Because the row label is time so we also can get rows by time range.

data.loc['2019-02-02':'2019-02-5'] # Result 
# A B C D
# 2019-02-02 1.343458 -0.940805 -0.671073 -0.102026
# 2019-02-03 0.815890 1.190464 -0.479341 -0.105754
# 2019-02-04 -0.256803 0.595940 0.279049 2.010431
# 2019-02-05 0.311328 -0.111790 -0.515169 -0.014552

Similar to .loc, we can use .iloc to select one or more specific index numbers. Below example for selecting multiple index numbers:

data.iloc[[1,3],:] # Result 
# A B C D
# 2019-01-02 0.790087 0.294033 -0.602744 1.035578
# 2019-01-04 -0.558818 -2.923537 -1.721127 -0.275644

Or selecting a slice of the indexes:

data.iloc[10:13] # Result 
# A B C D
# 2019-01-11 0.530191 -1.301325 -0.050186 0.267728
# 2019-01-12 -0.652778 -0.611594 0.291840 -0.935883
# 2019-01-13 1.602400 -0.137409 1.002766 0.820419

Be aware that we’re getting rows [10:13] but what we get is data from 10th row to 12th row. The 13th row is not in the result.

Slicing .iloc follows the same rule as slicing the lists. The object at the last index is not included in the result.

Selection by callable

.loc, .iloc and [] indexing as well can accept a callable. The function must be a function with one argument. For best practice, the Python developer usually uses lambda. You can refer our article for more detail about lambda function ( Python Lambda Function )

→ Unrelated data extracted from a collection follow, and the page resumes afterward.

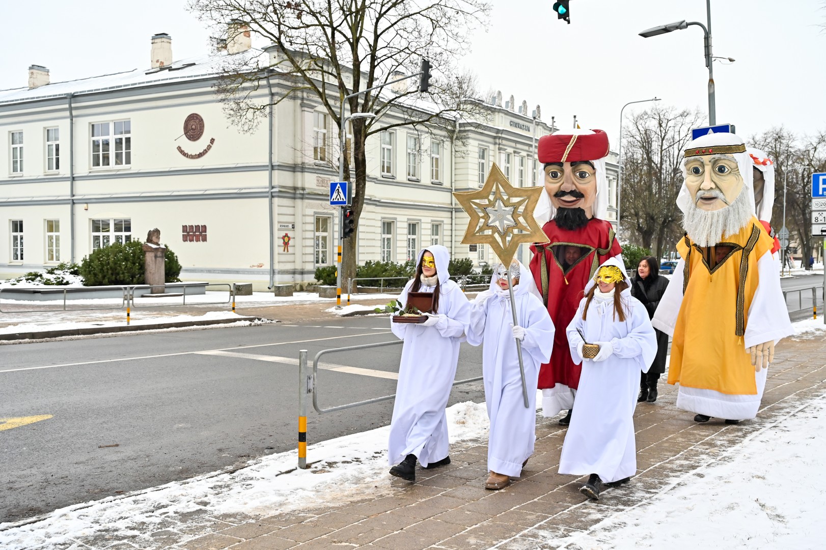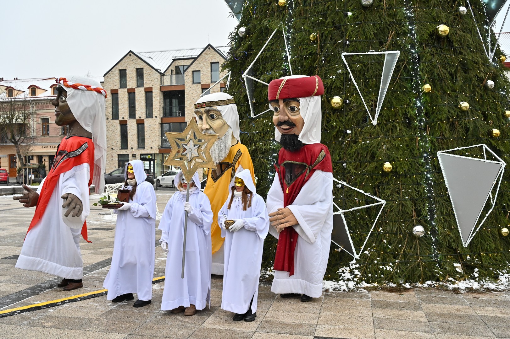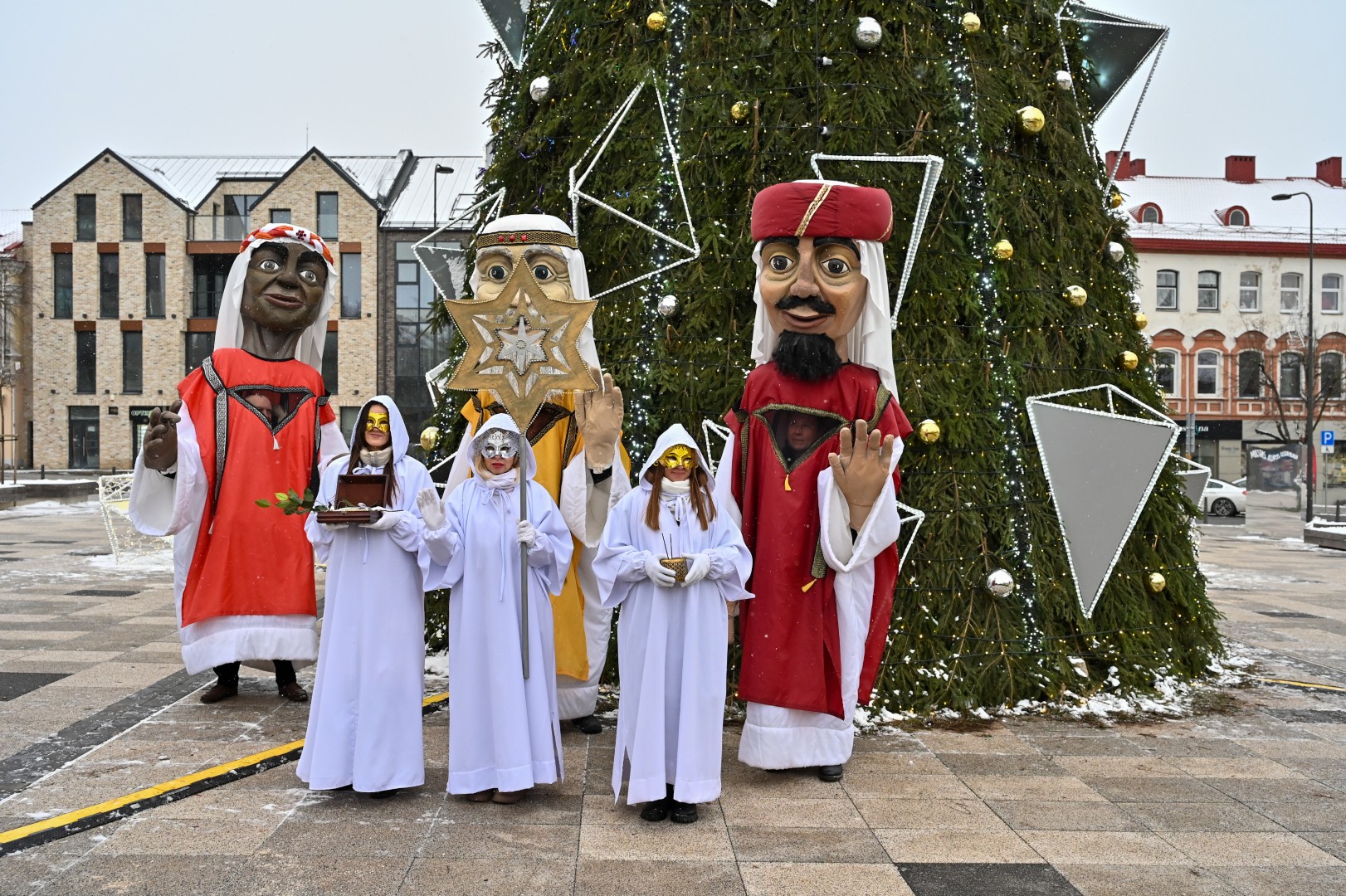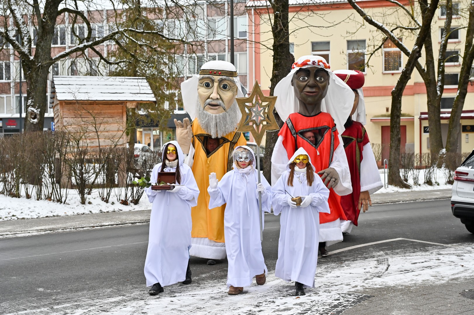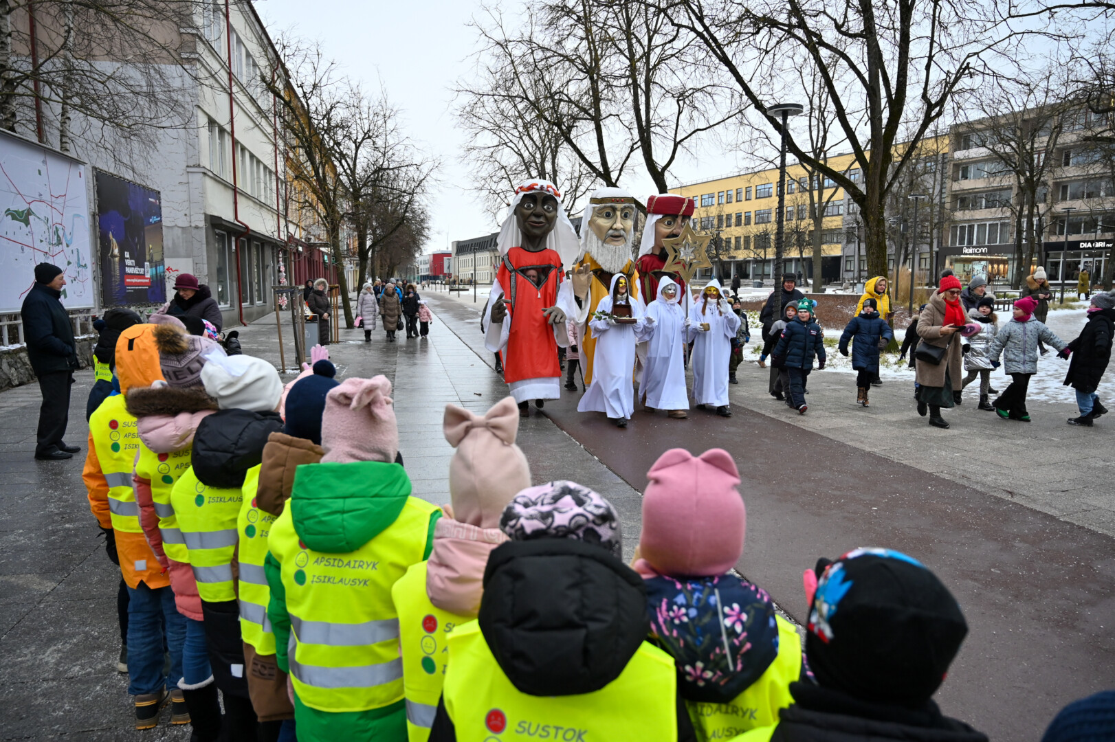 Puspenkto metro ūgio Trys Karaliai – Kasparas, Merkelis (Melchioras) ir Baltazaras – žingsniavo P. Puzino, Respublikos, Vasario 16-osios, Elektros gatvėmis sveikindami praeivius.
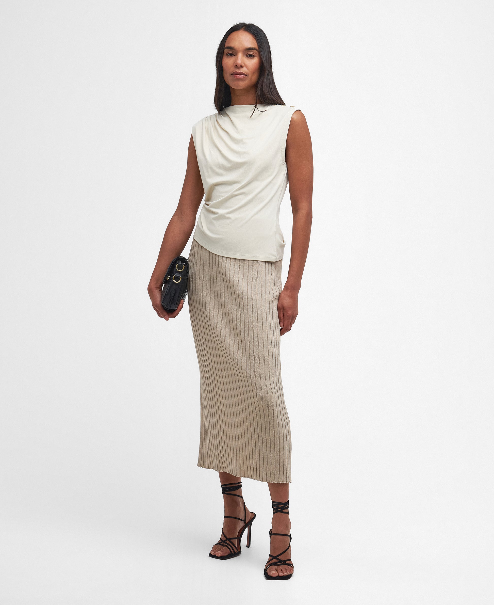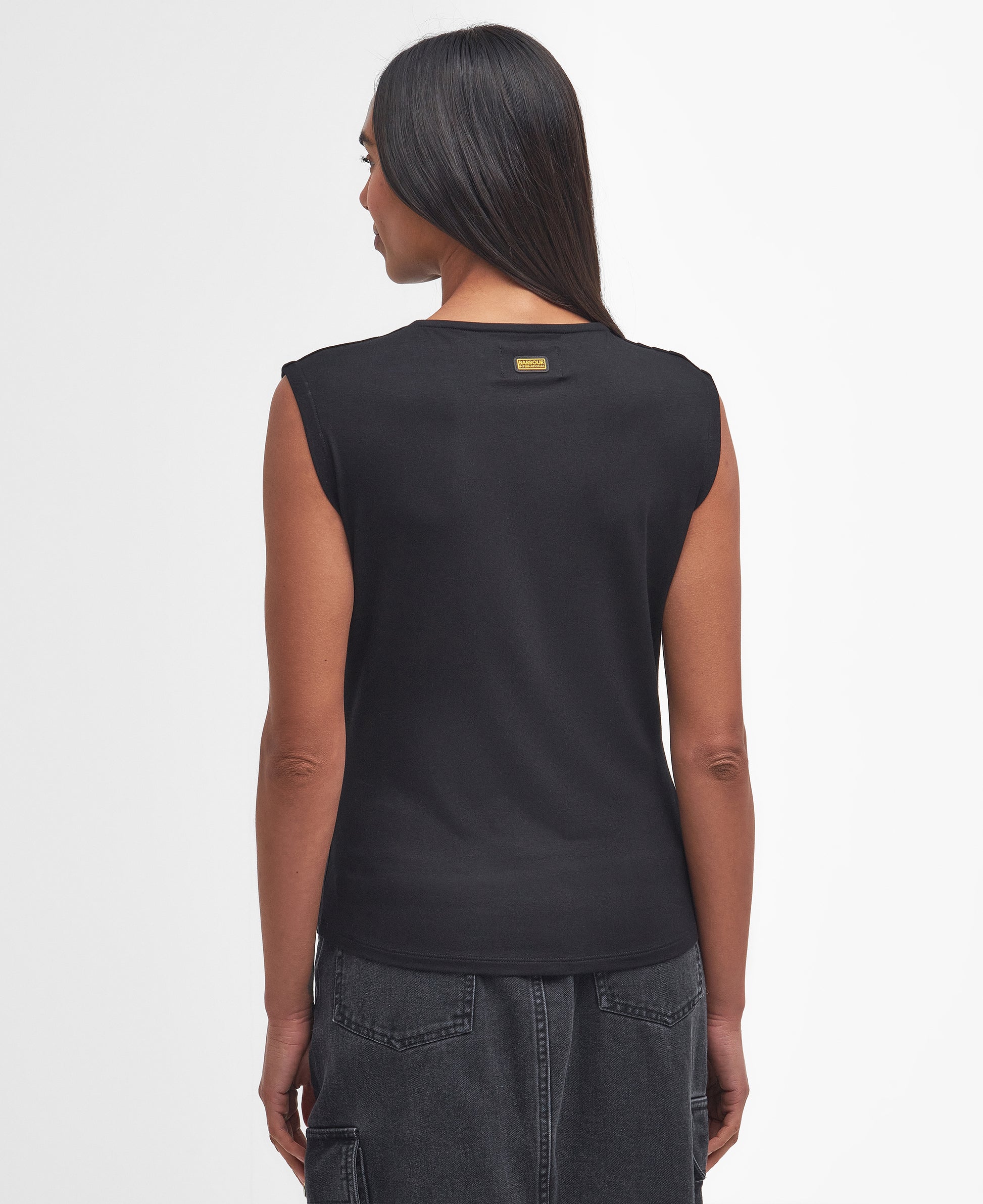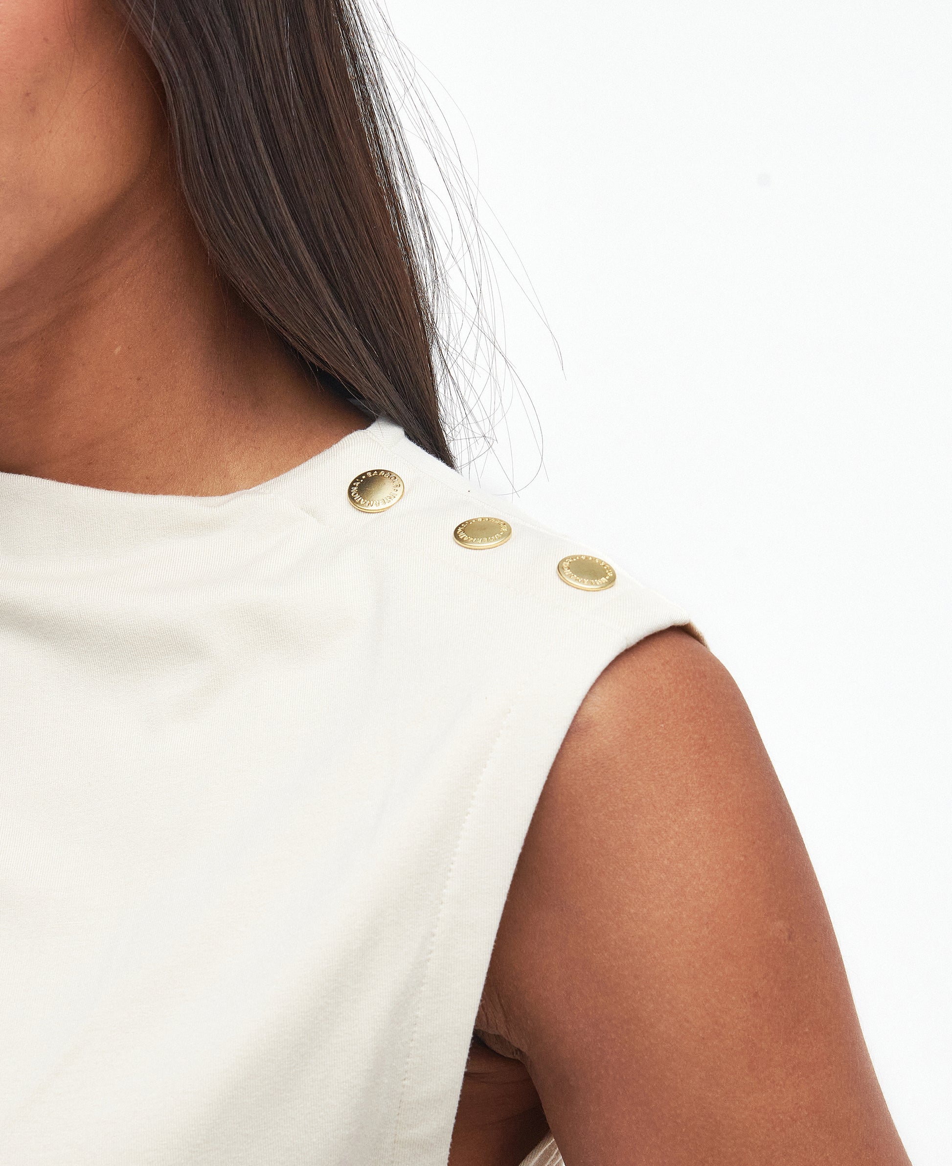 Elevate your seasonal wardrobe with the B.Intl Courtney T-Shirt. With pleated shoulder detailing and contrasting branded gold-tone studs to the shoulder, it's perfect for upgrading your summer edit. Simply pair it with smart trousers or jeans for an instantly elevated look.
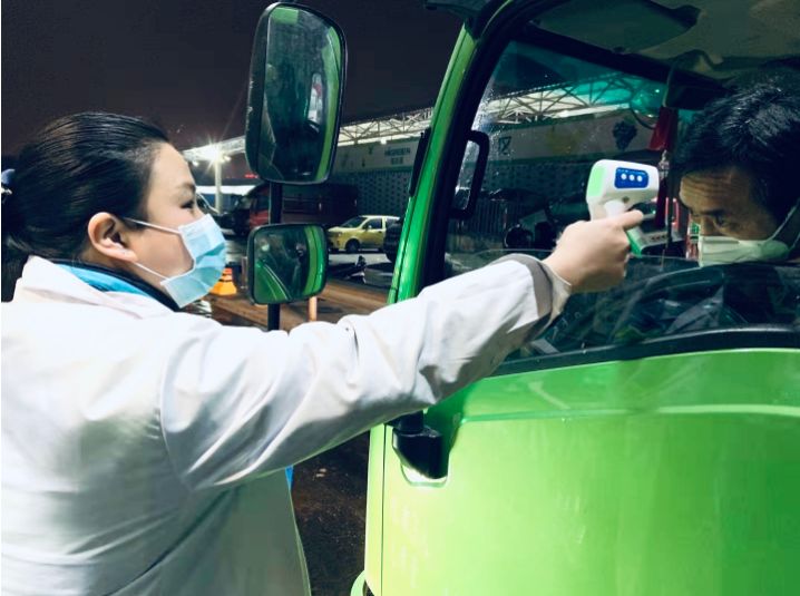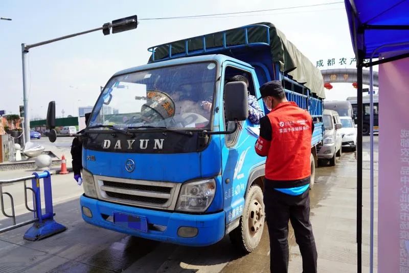 “您好,请您测量下体温。”“请您做好登记……”在成都农产品批发市场,“菜篮子保障服务队”队员、党员王碧祥举起示意牌、测温枪,耐心地向司机询问登记解释。

data.loc[lambda row: row.D > 0] # Result: 
# A B C D
# 2019-01-01 -0.862970 1.312603 -0.427154 1.222134
# 2019-01-03 0.173703 -0.258924 -0.014464 0.320602
# 2019-01-04 0.252102 -1.914325 0.649628 0.885115
# 2019-01-06 -0.461437 0.063366 0.569461 0.427437
# 2019-01-08 -0.956210 0.067605 -2.273661 0.833149
# 2019-01-09 0.340620 -1.976085 -1.144538 0.425282
# 2019-01-11 0.530191 -1.301325 -0.050186 0.267728
# 2019-01-13 1.602400 -0.137409 1.002766 0.820419
# 2019-01-15 -1.083804 1.790858 -0.301093 0.674832
# 2019-01-16 -0.143779 2.104730 -1.228123 1.568482
# 2019-01-22 -0.821942 1.381137 -1.812166 0.785756
# 2019-01-23 -1.404428 0.563167 2.138703 2.387186
# 2019-01-28 0.271000 -0.633658 -0.839952 0.816997
# 2019-01-29 -0.259307 1.638976 -0.648043 0.715521
# 2019-02-01 0.109348 -0.624031 -0.283261 0.138264
# 2019-02-03 -1.319024 -0.131162 2.011317 1.312116
# 2019-02-04 0.910435 -0.636221 -0.857388 0.456990

Handling duplicated data

Handling duplicated data is a common case while working with a large data set. We can iterate over each row of data and check if it is duplicated to others, but it will be very slow and complicated.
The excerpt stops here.